Каверин - Наталья Старосельская Страница 21
Каверин - Наталья Старосельская читать онлайн бесплатно
Давайте снова вспомним новеллу Гофмана «Угловое окно», в которой герой говорит своему кузену: «…вот это окно — утешение для меня: здесь мне снова явилась жизнь во всей своей простоте, и я чувствую, как мне близка ее никогда не прекращающаяся суетня. Подойди, брат, выгляни в окно!»
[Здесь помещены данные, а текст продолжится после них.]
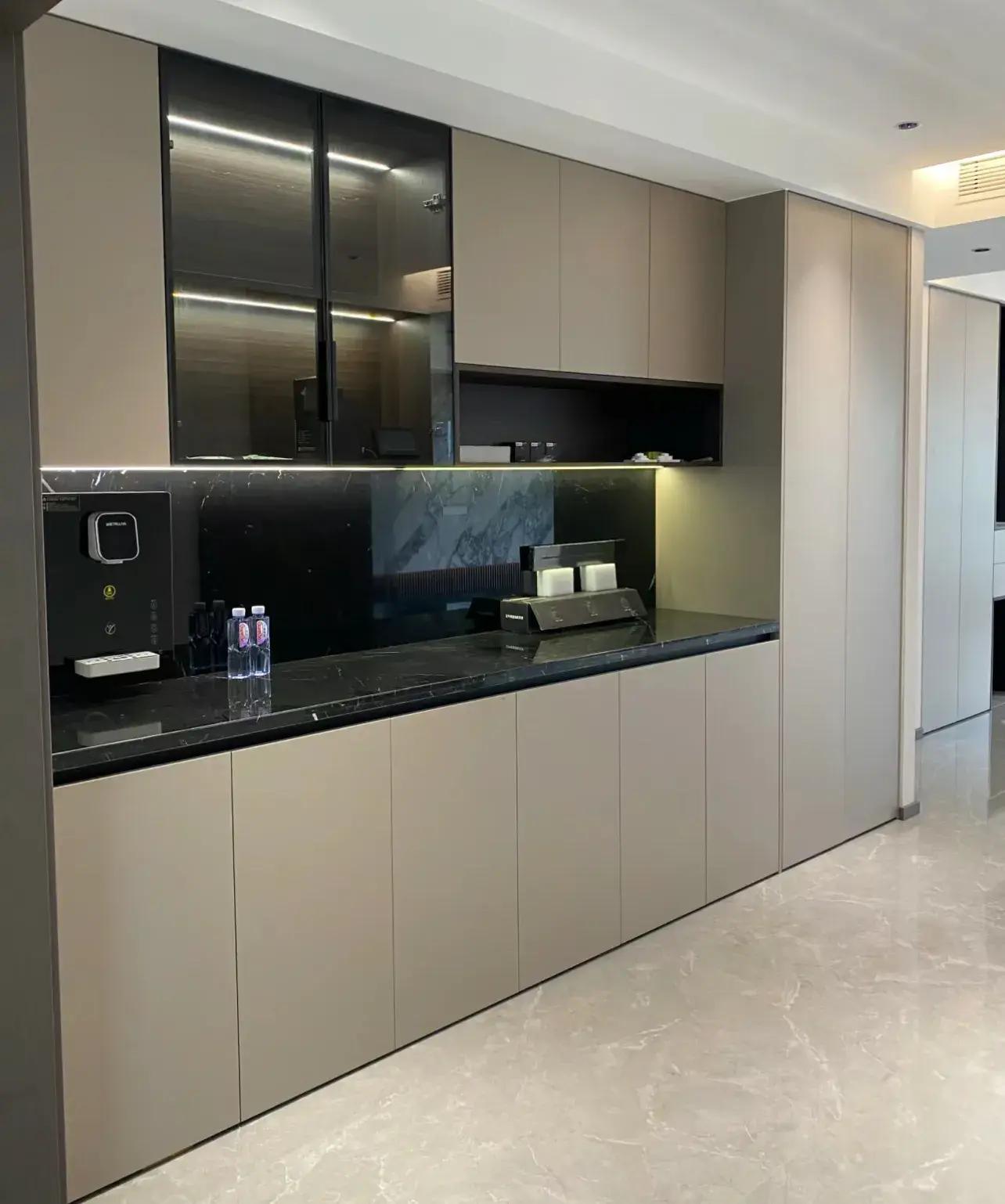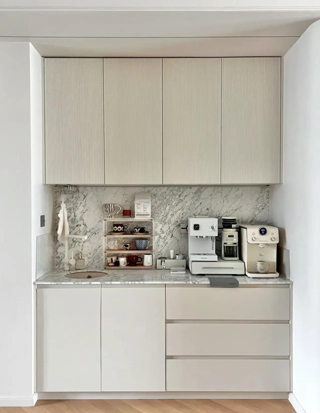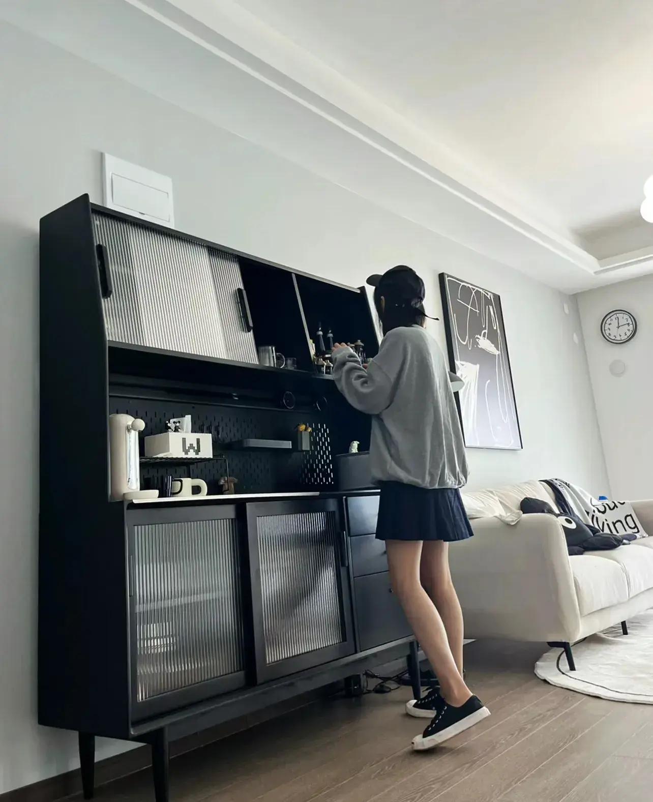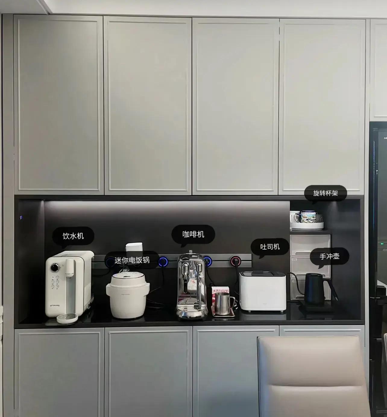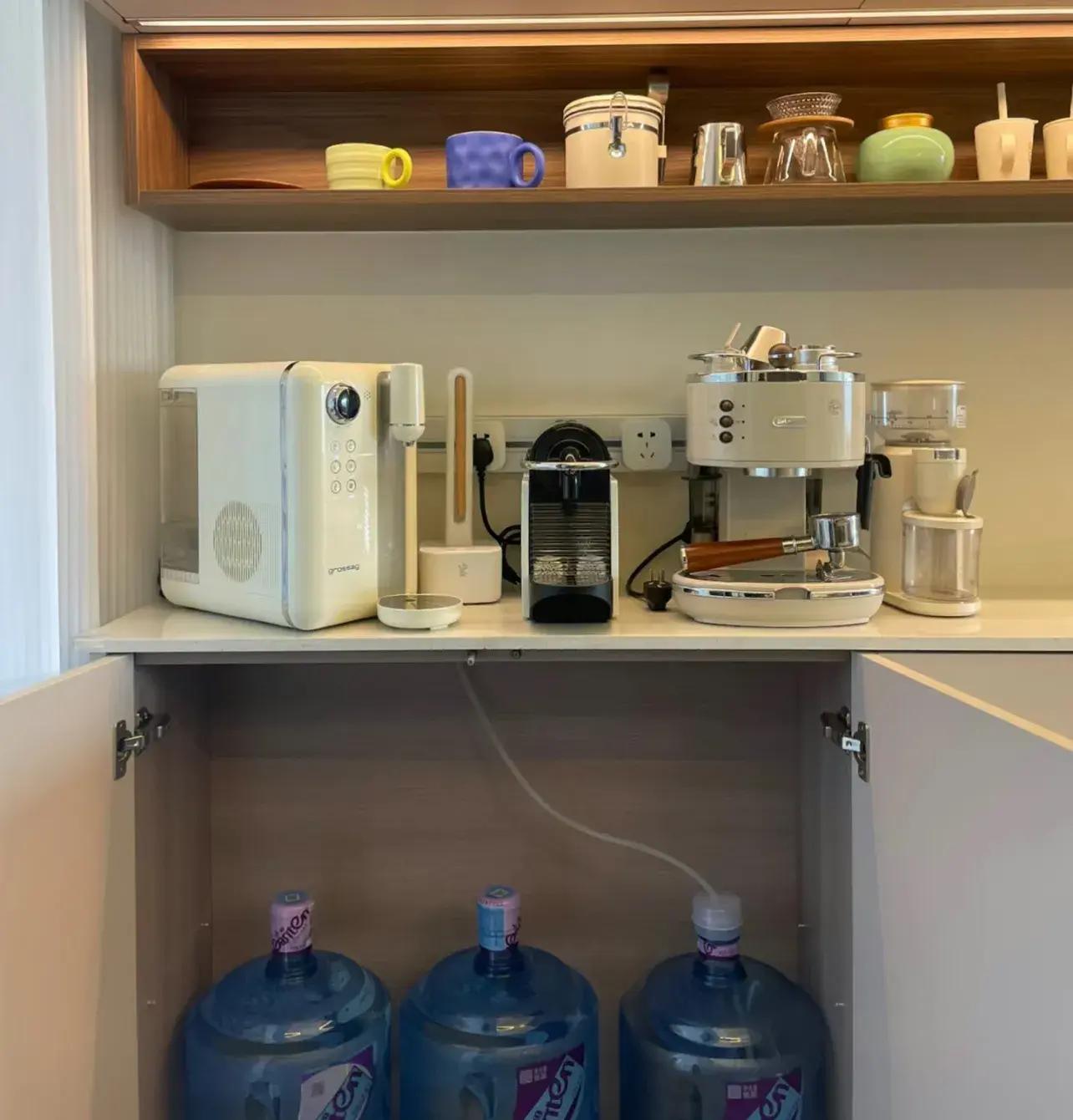 嫌自己添水麻煩,可以弄一個茶吧機,把桶裝礦泉水,收納在餐邊櫃開放格下面的櫃子裏。

С самого начала «Серапионовы братья» не были едины в своих взглядах на творческие принципы — в объединении существовали «западное» и «восточное» направления, что вызвало раздражение Евгения Замятина, писавшего, что почти все они «сошли с рельс и поскакивают по шпалам». Но «поскакивания» их были чрезвычайно интересны! Авантюрный остросюжетный жанр особенно привлекал Льва Лунца, Михаила Слонимского, Вениамина Каверина, ставивших во главу угла своих сочинений во многом именно гофмановские причудливые романтические сюжеты, никогда не случавшиеся события, порой и несуществовавшие имена. Не случайно 14 декабря 1923 года Вениамин Каверин писал Льву Лунцу в Германию: «Скоро придет наше время, Лёвушка. Здесь в литературе разброд, сумятица, неразбериха и поверх всего всплывает — что, как ты думаешь? Авантюрный роман, рассказ, повесть — черт его знает, что, но тяга к движению, к смене эпизодов, к интересу сюжетному по преимуществу. Пока это идет от кино, быть может, но я убежден, что это не случайно. И что ценнее всего — это то, что авантюра идет снизу, бьет прямо с улицы. Госиздат заказывает авантюрные романы. Не пройдет и двух лет, как эта вялая, как карамора, литература сдохнет (речь идет об „орнаментальной“ прозе. — Н. С.), и тогда мы повоюем…»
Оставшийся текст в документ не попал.